Harare diary: Worries for the future

Zimbabwe President Robert Mugabe arrives for a speech at the National Heroes Acre in Harare on 12 August 2013

A 33-year-old professional living and working in Zimbabwe's capital, Harare, has been writing an occasional diary for the BBC about life in the city over the election period - and how it has changed over the past four years since the period of record hyperinflation.

In her last entry, Esther (not her real name) spoke of the shock many Harare residents felt about the election results, which saw the re-election of Robert Mugabe as president and gave his Zanu-PF party a majority in parliament. The poll also ended the power-sharing government between Zanu-PF and the Movement for Democratic Change, whose candidate Morgan Tsvangirai took 34% of the presidential vote.

Here she gives her reaction to the forthcoming inauguration of President Mugabe.

Diary entry:

It's been three weeks since elections which were won by a margin that was precisely predicted by The Herald in an edition just before the elections - 61%.

I'm hard-pressed to find three in five people around me who say they voted Zanu-PF, but there we are.

The president will be sworn in for a new five-year term.

The Southern African Development Community (Sadc) has given its seal of approval and made Zimbabwe vice-chair of the regional body.

I hear that means we are on our way to becoming the next chairman.

We've slowly recovered from our "results-induced illness" - a term coined by a colleague of mine.

We don't have a choice, really.

The regional, accredited observers are happy.

The 37% of rural voters who were assisted to vote are insignificant.

Morgan Tsvangirai's Movement for Democratic Change (MDC) has withdrawn its poll-fraud petition before the Constitutional Court because the party does not have an electronic voters' roll with which to prove its case, three weeks after the polls.

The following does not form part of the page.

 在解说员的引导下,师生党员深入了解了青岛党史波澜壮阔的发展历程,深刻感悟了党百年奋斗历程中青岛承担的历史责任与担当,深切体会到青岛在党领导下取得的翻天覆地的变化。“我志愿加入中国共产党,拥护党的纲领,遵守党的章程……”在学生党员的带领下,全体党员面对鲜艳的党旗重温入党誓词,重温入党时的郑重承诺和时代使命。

Image caption Zanu-PF says its indigenisation plan is an empowerment revolution

I believe they were meant to have it days before the elections.

So the mind of the ordinary Zimbabwean like me boggles.

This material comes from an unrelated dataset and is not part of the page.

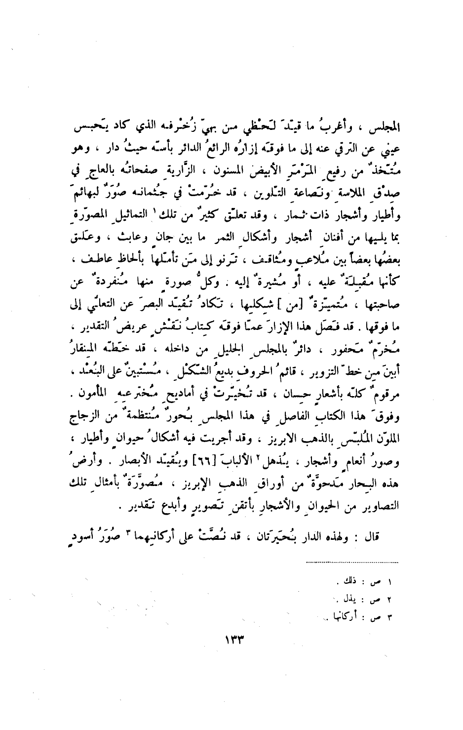 المجلس، وأغرب ما قيد لحظي من بهي زخرفه الذي كاد يحبس عيني عن الترقي عنه إلى ما فوقه إزاره الرائع الدائر باسمه حيث دار، وهو متخذ من رفيع المرمر الأبيض المسنون، الزارية صفحاته بالعاج في صدق الملاسة ونصاعة التلوين، قد خرمت في جثمانه صور لبهائم وأطيار وأشجار ذات ثمار، وقد تعلق كثير من تلك التماثيل المصور بما يليها من أفنان أشجار وأشكال الثمر ما بين جان وعابث، وعلق بعضها بعضاً بين ملاعب ومثاقف، ترنو إلى من تأملها بألحاظ عاطف، كأنها مقبلة عليه، أو مشيرة إليه. وكل صورة منها منفردة عن صاحبتها، متميزة [من] شكلها، تكاد تقيد البصر عن التعلي إلى ما فوقها. قد فصل هذا الإزار عما فوقه كتاب نقش عريض التقدير، مخرم محفور، دائر بالمجلس الجليل من داخله، قد خطه المنقار أبين من خط التزوير، قائم الحروف بديع الشكل، مستبين على البعد، مرقوم كله بأشعار حسان، قد تخيرت في أماديح مخترعه المأمون. وفوق هذا الكتاب الفاصل في هذا المجلس بحور منتظمة من الزجاج الملون الملبس بالذهب الأبريز، وقد أجريت فيه أشكال حيوان وأطيار، وصور أنعام وأشجار، يذهل الألباب [66] ويقيد الأبصار. وأرض هذه البحار مدحوة من أوراق الذهب الإبريز، مصورة بأمثال تلك التصاوير من الحيوان والأشجار بأتقن تصوير وأبدع تقدير.

It seems so obvious that our election process was flawed and needed to be investigated.

We had put all our hopes in Sadc, especially after Botswana publicly stated its reservations.

But now that door is closed - no, sealed - to opposition parties in Zimbabwe.

There is absolutely no mediation available on the regional front, absolutely none.

We were debating what opposition parties should have done - either refused to participate in the elections, or rallied behind Mr Tsvangirai's party and fielded one set of candidates.

A boycott would have crushed the people; voter turnout was higher than it's been in the recent past.

A concerted, combined effort may have worked better. Who knows?

But then again when people ask who won a certain seat it is followed up by, "Did they really win or was it a Zanu win?" - meaning, did the people vote for him or was he set up to win.

So you see this idea that this is a stolen victory persists.

No-one can prove it, but people are convinced something happened.

Why be worried that Zanu-PF is in power with a two-thirds majority in parliament?

Well, they can rewrite the constitution any way they want.

Any concessions made during the era of government of national unity can be thrown out the window.

It will have to go to referendum but I think we all know how that will turn out.

Economy concern

I'm worried about my country's future.

Our government wants to take over 51% of all "foreign-owned" firms - that includes companies run by non-ethnic people even if their families have been here for the last five or six generations.

Image caption Zimbabweans now use US dollars or South African rand as their currency

What does this teach our children?

Does it not give them a false sense of entitlement? That if someone looks different from you, they don't belong and they can't own anything - take it from them.

Will we continue to see investment into our economy?

Things had been slowly picking up over the last five years, but will they continue to do so now?

Who knows? Maybe the next five years will prove me wrong.